How leadership teams can use EOS to define their ideal customer and communicate a stronger brand promise.

When I work with leadership teams to implement EOS, my goal is to help them achieve what they want.

This is not always an easy task—and certainly one that requires work on two ends:

  1. What do we actually want?
  2. How do we get there?

Sometimes, ambition is greater than the organization’s capacity to achieve it. This may be due to limited financial resources, but more often it relates to gaps in knowledge, skills, or willingness. Fortunately, success usually depends on one essential factor: channeling the company’s human energy in the right direction.

One topic I regularly work on with leadership teams is a simple but powerful question: What is our marketing strategy?

This often comes as a surprise. In many cases, even the CMO responds with:
“Why are we discussing this here? Isn’t that the marketing team’s responsibility?”

But the reality is different.

Marketing strategy is not a departmental task.
It is a leadership responsibility.

 

What exactly is marketing strategy?

I recently asked ChatGPT for its shortest definition of marketing strategy. The answer was:
A clear plan for how a company reaches its target audience and motivates them to buy.

For me, strategy and plan are two different things. We could certainly debate whether this definition is accurate. However, I think we can all agree on one thing: every company needs a plan like this.

Such a plan should include practical details—sales channels, the frequency of social media activities, blog posts, trade fairs, and more. In other words, a plan answers the questions: who does what, when, and how often.

Why should we discuss this in detail at the leadership team level?
Frankly, I don’t want to.

But before we can create a plan that truly fits the company, we first need to answer two fundamental questions. These questions form the foundation of any effective plan:

  1. Who is our ideal client?
  2. What do we promise them?

That, for me, is strategy.

And strategy belongs in the leadership team.

Let’s take a closer look at these two questions.

1. Defining the ideal customer

Defining the ideal customer sounds easy, right?

Some customers are a perfect fit. Others make you wonder why you ever started working with them in the first place. So how do you clearly describe your ideal customer?

I suggest starting with three simple questions:

  1. Where

This describes the geographic location of your ideal customer. It may be global, limited to Europe, Switzerland, Zurich —or, if you’re a baker, perhaps within a five-minute walk of your shop.

  1. Who

Here, it’s important to distinguish between B2B (selling to companies) and B2C (selling to private individuals).

  • For B2C: age, gender, marital status, income, lifestyle, and interests
  • For B2B: industry, company size, organizational structure, decision-makers, and growth stage
  1. How

This is about mindset and motivation. What makes this person or company “tick”? What attitudes, expectations, and behaviors make them an ideal fit for you?

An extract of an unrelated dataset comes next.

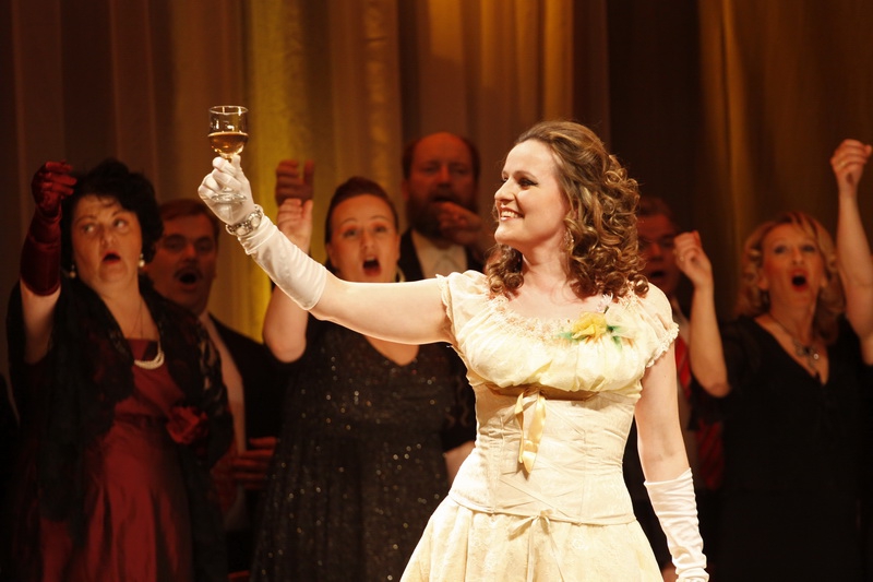 Эстонский режиссер Неэме Кунингас для того, чтобы показать роскошный особняк куртизанки Виолетты Валери, не стал загромождать сцену декорациями. Режиссер ограничился обычными стульями. Весь реквизит спектакля – дюжина бокалов и семь бутылок из-под вина. Все остальное – скрытые резервы, которые были у профессиональных солистов и любителей, исполнявших роли второго плана или певших в хоре (среди них оказались адвокаты, полицейские, врачи…)

For example, an adventure travel company might describe its ideal customer like this:
Seeks adventure, is physically active, dislikes routine, and prefers excitement over comfort or luxury.

When you can clearly answer these three questions—where, who, and how—you move from vague assumptions to a concrete picture of the customer you truly want to serve.

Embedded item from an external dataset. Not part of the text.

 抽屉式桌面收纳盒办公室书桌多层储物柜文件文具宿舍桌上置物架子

When you bring these three dimensions together, you can create a clear, simple sentence that describes your ideal customer. For example, mine looks like this:

A company with 20 to 250 employees, based in Zurich or Barcelona, growth-oriented, respectful, open to new ideas, and willing to accept support.

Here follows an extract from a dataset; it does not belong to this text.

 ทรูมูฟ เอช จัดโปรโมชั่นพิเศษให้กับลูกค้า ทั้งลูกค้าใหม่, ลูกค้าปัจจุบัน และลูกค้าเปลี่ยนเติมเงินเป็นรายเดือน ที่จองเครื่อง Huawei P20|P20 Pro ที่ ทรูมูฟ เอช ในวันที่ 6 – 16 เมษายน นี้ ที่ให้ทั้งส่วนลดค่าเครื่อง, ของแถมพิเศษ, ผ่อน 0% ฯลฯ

Defining this “where, who, and how” is a leadership responsibility—not something that belongs only to sales and marketing.

In sales, almost every customer can seem like a good customer. But once a customer is on board, they must be served—ideally to their complete satisfaction. When there is no clear definition of who you want to serve, this quickly becomes difficult and often leads to frustration within the team.

We often say, “The customer is king.”

The problem is: it becomes very hard when everyone is king.

That’s why it’s better to be clear about who is allowed to be king.

And to make things a little more complex:

Sometimes, a company doesn’t have just one ideal customer, but two—or occasionally even three. Hopefully not four or more, because each additional customer type increases complexity in execution.

Here are a few examples:

  • A real estate agent serves two ideal customers: buyers and sellers.
  • A food producer serves the end consumer, who buys the product in the supermarket, and the supermarket itself.
  • A restaurant, on the other hand, usually has just one ideal customer: the guest.

In these cases, it’s important to create a clear ideal customer profile for each customer type.

Later, we’ll look at how to actively use these profiles—so they don’t just sit in a drawer and gather dust.

 

The Promise to the Customer: USP

USP stands for Unique Selling Proposition.

Here, too, the leadership team needs to be fully aligned. If an over-motivated sales team promises every customer the moon, customer satisfaction will quickly decline—or company profits will suffer when all special requests have to be fulfilled at any cost.

As a leadership team, we therefore need to agree on one key question:

What can we realistically promise our potential customers—and reliably deliver?

Ideally, this promise should be based on three clearly differentiated elements that are relevant to your ideal customer. A USP does not mean that each of these elements is offered only by your company. Rather, it is the unique combination of the three that should set you apart.

For example, my own USPs are:

  1. EOS – trusted by more than 10,000 entrepreneurs worldwide
  2. I was an entrepreneur myself
  3. I combine fun with efficiency

If a company has more than one ideal customer profile, the three USPs should be defined separately for each profile.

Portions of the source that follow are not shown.